Second, H.R. 4790 would repeal the requirement that the Federal Reserve, FDIC, Office of the Comptroller of Currency (OCC), Securities and Exchange Commission (SEC), and Commodity Futures Trading Commission (CFTC) work together to jointly implement the rule. Instead, the bill would delegate sole rulemaking authority to the Federal Reserve, which could choose to consult or not consult with the other regulators. This would unreasonably cut the FDIC out of any future rule changes, even though it is the regulator charged with protecting deposit insurance against the very risky, speculative activities the Volcker Rule was designed to prevent. It would also cut the OCC out of the rulemaking process, even though it oversees institutions that account for approximately 40 percent of bank holding company trading revenues. And, it would cut out the SEC and CFTC, even though those agencies have the expertise and jurisdiction over broker-dealers and futures traders and their market making activities.

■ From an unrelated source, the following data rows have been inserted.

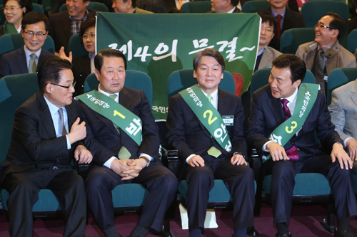 [일요신문] 17일 오전 서울 여의도 국회도서관 대강당에서 열린 국민의당 19대 대선 후보 예비경선에서 개표를 기다리며 후보들이 이야기를 나누고 있다. 왼쪽부터 박지원 대표, 박주선 국회부의장, 안철수 전 대표, 손학규 전 민주당 대표.
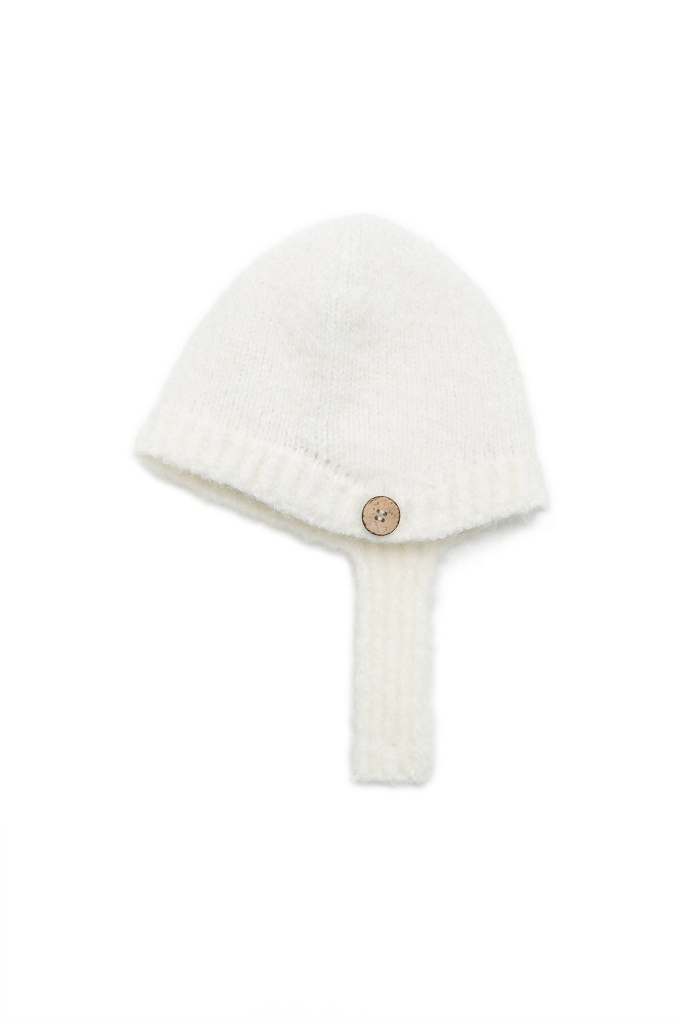 Трикотажный чепчик с застежкой на пуговицу. Модель выполнена из шерсти с добавлением мохера, края изделия в рубчик.
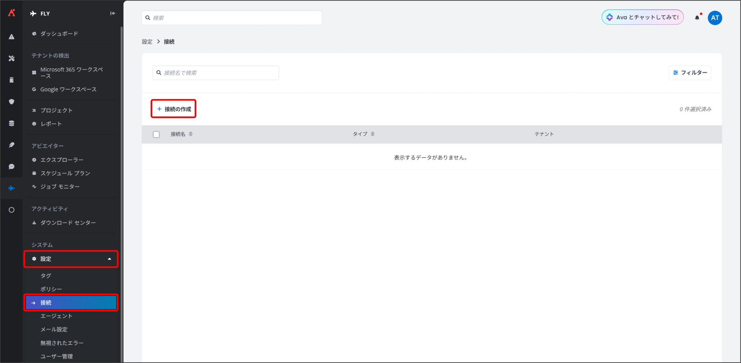 接続を作成することで、Fly が各テナントにアクセスするための認証情報や権限情報を登録することができます。
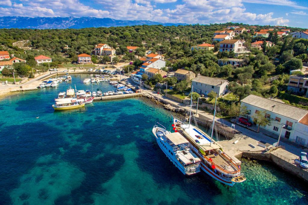 Posibilidad de dos amarres para embarcaciones de hasta 5 m y alquiler de embarcaciones para excursiones de un día a las islas vecinas de Rab, Cres y Lošinj. Carril bici a Novalja.
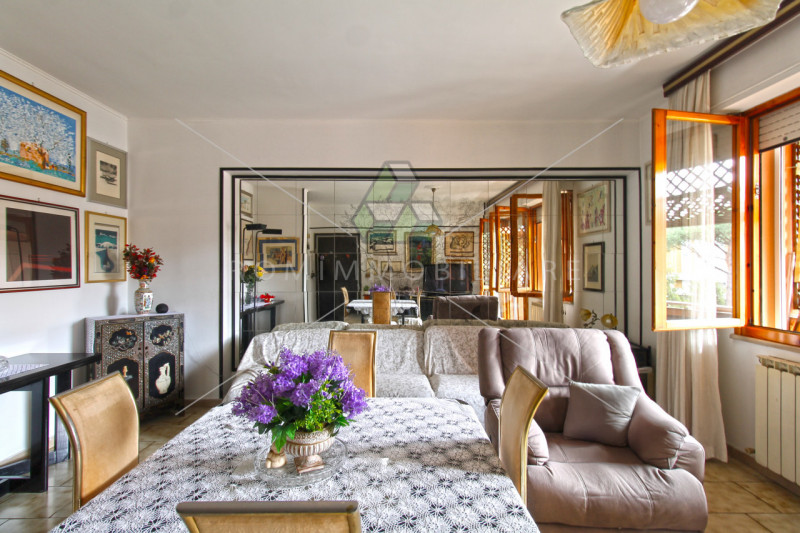 Romimmobiliare, nel tranquillo ed elegante quartiere dell’Infernetto, a pochi passi dalla Pineta di Castel Porziano e dal mare, propone in vendita, all’interno di un villino esclusivo suddiviso in soli tre appartamenti, un ampio quadrilocale compo...
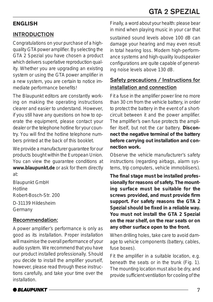 GTA 2 Spezial you have chosen a product which delivers superlative reproduction quality. Whether you are upgrading an existing system or using the GTA power amplifier in a new system, you are certain to notice immediate performance benefits! The Blaupunkt editors are constantly working on making the operating instructions clearer and easier to understand. However, if you still have any questions on how to operate the equipment, please contact your dealer or the telephone hotline for your country. You will find the hotline telephone numbers printed at the back of this booklet. We provide a manufacturer guarantee for our products bought within the European Union. You can view the guarantee conditions at www.blaupunkt.de or ask for them directly at: Blaupunkt GmbH Hotline Robert-Bosch-Str. 200 D-31139 Hildesheim Germany
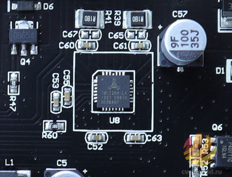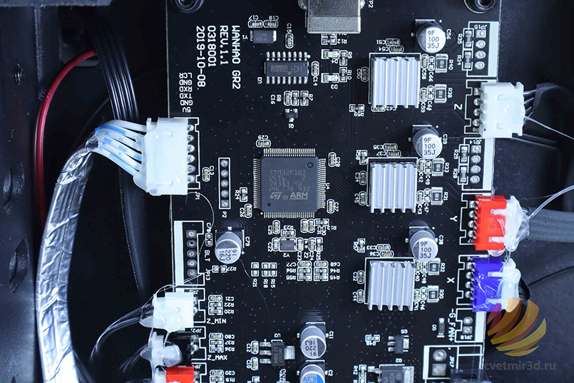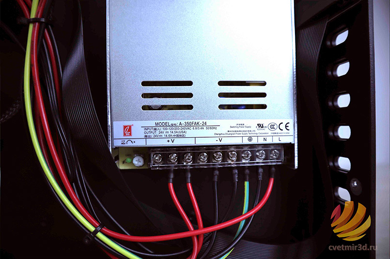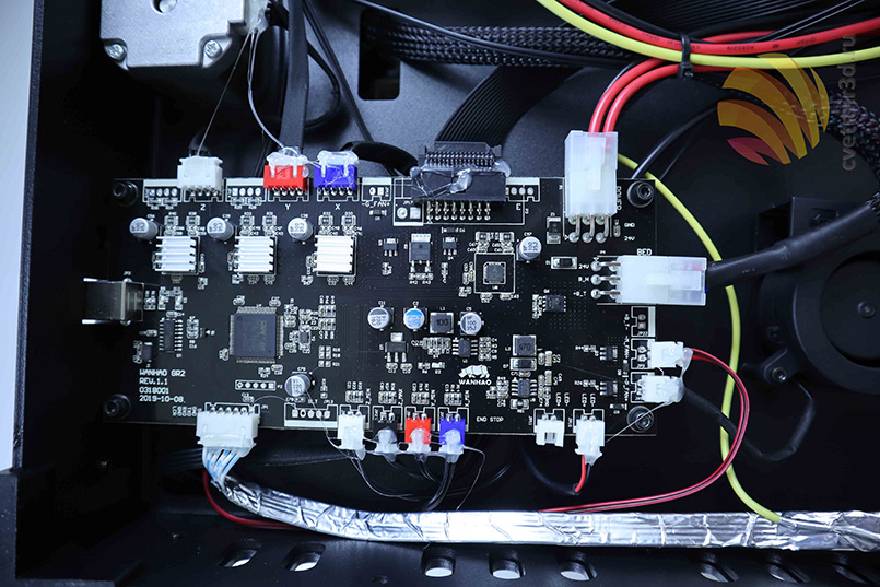 Заглянем вовнутрь корпуса, где находится вся электронная начинка. Сердцем принтера является фирменная плата, обновлённая, но похожая на предшественницу. Основана она на процессоре STM32, за движение отвечают современные тихие драйвера TMC2209, к сожалению, распаянные на плате. Про них мы поговорим отдельно. Для охлаждения платы есть тихий, но мощный вентилятор. Установлен блок питания на 24 вольт мощностью 350 ватт. Его с запасом хватает для питания принтера. Все провода обжаты в клеммы и аккуратно уложены, что несомненно радует и даёт плюсик к безопасности.

Worse, appointing the Fed as the sole regulator would make it easier for the Trump Administration to weaken and repeal the Volcker Rule even though it was expeditiously promulgated in two years and the regulators are now working together to make appropriate changes. While the bill would at least allow the appropriate banking regulators, SEC and CFTC, to enforce the rule, such enforcement authority is meaningless if the Volcker Rule is effectively gutted by the Trump Administration.

But this is what my Republican colleagues want. Chairman Hensarling’s 600-page big bank giveaway, H.R. 10, known as the Wrong Choice Act, would have repealed the Volcker Rule outright. H.R. 4790 is merely the latest attempt to do the same thing.

So I strongly oppose H.R. 4790. I reserve the balance of my time.